■ **DATASET EXTRACT**
=== Section Start ===

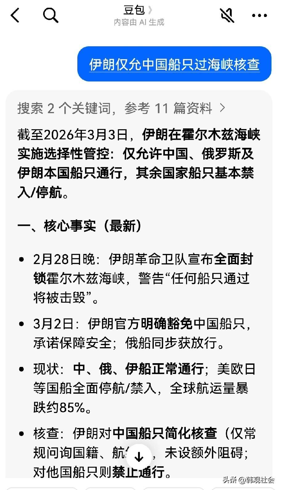 中国能源的好消息来了!3月3日,伊朗的一家官媒“阿拉伯通讯社”在社交媒体发布声明:伊朗仅允许中国船只通过霍尔木兹海峡。 这条消息是真的还是假的?如果消息属实,证明我们的能源安全有保障了!为了证实该条消息的真假,咱问问万能“豆包”吧,看看@豆包 对这个问题怎么回答? 豆包回答的大概意思如下: 截至2026年3月3日,伊朗在霍尔木兹海峡实施选择性管控:仅允许中国、俄罗斯及伊朗本国船只通行,其余国家船只基本禁入/停航。 2月28日晚:伊朗革命卫队宣布全面封锁霍尔木兹海峡,警告“任何船只通过将被击毁”。 3月2日:伊朗官方明确豁免中国船只,承诺保障安全;俄船同步获放行。 现状:中、俄、伊船正常通行。
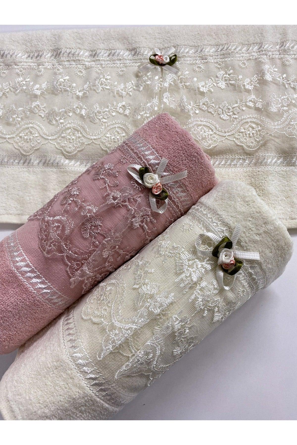 3 pezzi 100% abito dote di cotone con guipure in pizzo a prua 50x90 asciugamano a mano e faccia
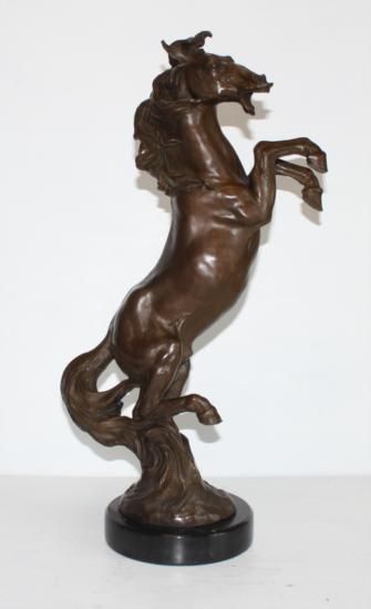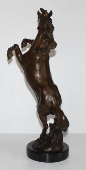 Rearing Stallion,Bronze Sculpture, After Debvt, 19"H x 9"W x 9"D16 lbs This bronze sculpture was produced using the "Lost Wax" casting method. The"Lost Wax" Cast method is the most precise metal casting technique in existence, ensuring exquisite detail of the original host model which is usually sculpted in clay or wax. This "Lost Wax" casting method is an extremely labor intensive and expensive process, but the end results produce a Heirloom Quality Masterpiece!

=== Section End ===

Write out exactly the lines between the start of the data and the line with "3 pezzi 100%", including both, but none of the pictures.

 中国能源的好消息来了!3月3日,伊朗的一家官媒“阿拉伯通讯社”在社交媒体发布声明:伊朗仅允许中国船只通过霍尔木兹海峡。 这条消息是真的还是假的?如果消息属实,证明我们的能源安全有保障了!为了证实该条消息的真假,咱问问万能“豆包”吧,看看@豆包 对这个问题怎么回答? 豆包回答的大概意思如下: 截至2026年3月3日,伊朗在霍尔木兹海峡实施选择性管控:仅允许中国、俄罗斯及伊朗本国船只通行,其余国家船只基本禁入/停航。 2月28日晚:伊朗革命卫队宣布全面封锁霍尔木兹海峡,警告“任何船只通过将被击毁”。 3月2日:伊朗官方明确豁免中国船只,承诺保障安全;俄船同步获放行。 现状:中、俄、伊船正常通行。
 3 pezzi 100% abito dote di cotone con guipure in pizzo a prua 50x90 asciugamano a mano e faccia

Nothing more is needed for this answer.